The Octagon (1980)

Ex-karate champion and secret good Ninja, Scott James (Chuck Norris), becomes embroiled once again in the world of ninjutsu when his wayward step brother, bad Ninja Seikura (Tadashi Yamashita) starts a training camp for what would appear to be weekend Ninjas … car park security Ninjas, perhaps. Dragging Scott reluctantly into proceedings are karate mucker A.J. (Art Hindle), anti terrorist McCarn (Lee Van Cleef) and a couple of potential romantic interests who – spoilers! – are not long for this film. Much karate-based action follows, with plenty Ninjas up trees and that, culminating in a raid on the Ninjas’ octagon-shaped headquarters.  Brilliantly, when we are privy to Scott’s expository thoughts, they’re in the form of a weird whispery voice-over.  Some quality randomness there.

This is a comparatively early outing for Chuck, one of the movies that cemented his reputation as an actual honest-to-goodness film star.  He’s personable enough here and his fight scenes are excellent.  It’s easy to forget, between laughing at the memes and groaning at the man’s personal politics just how impressive his onscreen fighting style was – practical and brutally effective with just enough flash to keep the “ooft!” factor in play – making him for that reason at least an influential figure in martial arts movies and action films in general.
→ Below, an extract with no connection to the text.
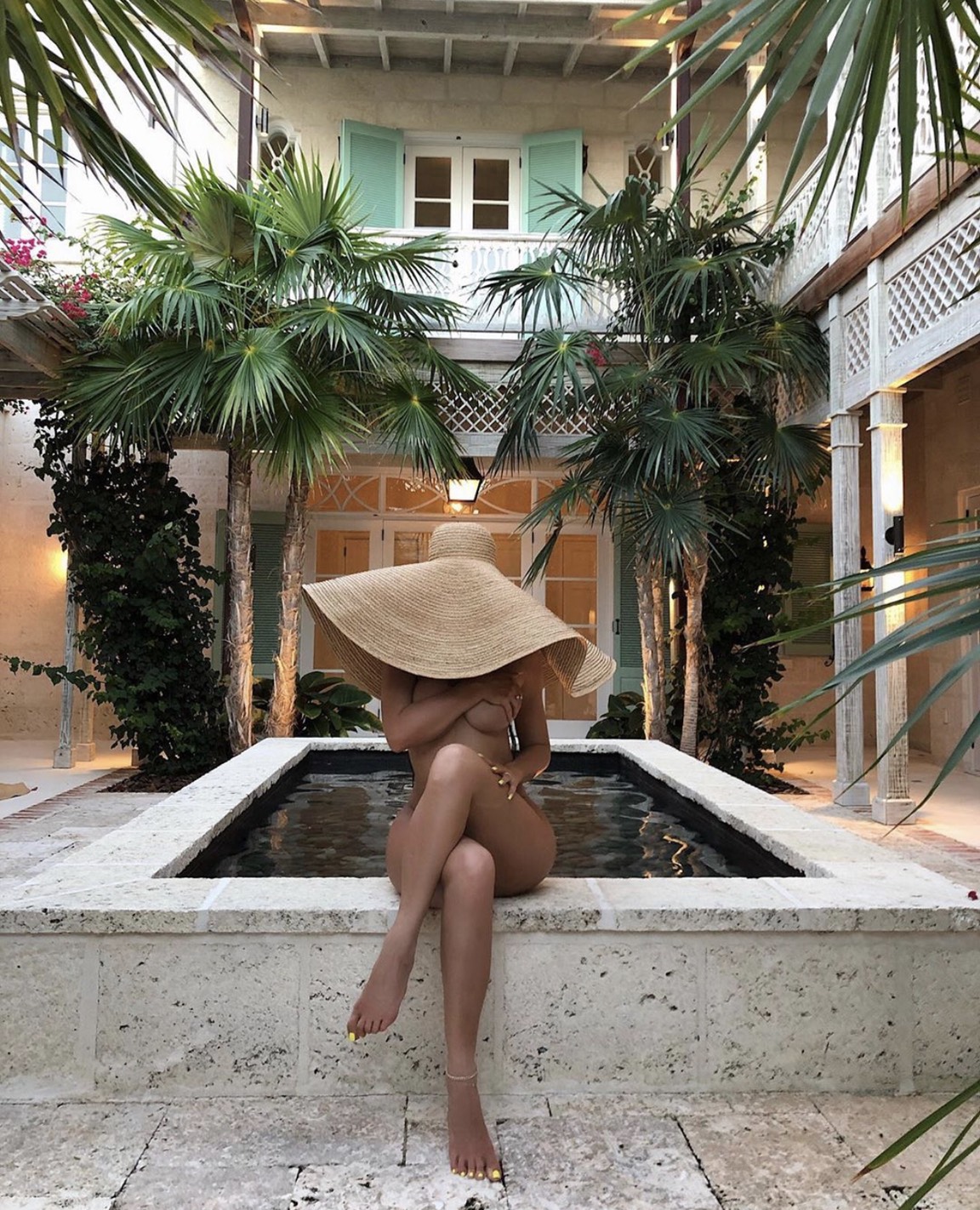 這一系列度假美照中,還有一張「一絲不掛」的辣照,照片中,凱莉·詹娜頭戴一頂超大草帽,完全擋住自己的臉,用一隻手遮擋自己的傲人上圍,但渾圓的胸型藏不住,並翹起自己的修長大美腿遮住重點部位,引起粉絲無限遐想。生過小孩還能維持如此火辣的身材,令人又羨慕又嫉妒。

Watch out for a young Ernie Hudson as a karate competitor-in-training and Richard Norton, who would go on to appear in countless Hong Kong vehicles with the likes of Cynthia Rothrock and Jackie Chan before his own brush with DTV stardom in the ’90s. Interestingly, here he plays two roles. As a heavy for a mercenary recruitment operation, he takes an unglamorous kicking from Chuck and is otherwise seen throughout as Seikura’s enforcer, face obscured by a fancy Ninja mask. In this guise, his fight with Norris near the film’s end is fun to watch.

While The Octagon is hardly a classic, it cracks along at a fair old pace.  One of a handful of films directed by Eric Karson (who returned to Ninja movies eight years later with Black Eagle, helping propel a young Jean Claude Van Damme to spin-kicking stardom), this one kicked off the brief early ’80s Ninja craze and was blatantly ripped off the following year for the awful Franco Nero vehicle Enter the Ninja.

I started viewing this via an original pre-cert VHS but my machine started acting up so I switched to an old forgotten DVD. I’m sure the DVD is sourced from the same print, only later, after it had developed some problems. I believe there is now a more recent and generally better DVD version available (the older one is also cut, which I don’t think is true of the VHS).  In this instance though, VHS definitely beat DVD hands down (the format if not the hardware).  Also, check those covers out.  The VHS is epic, the DVD is a load of pish.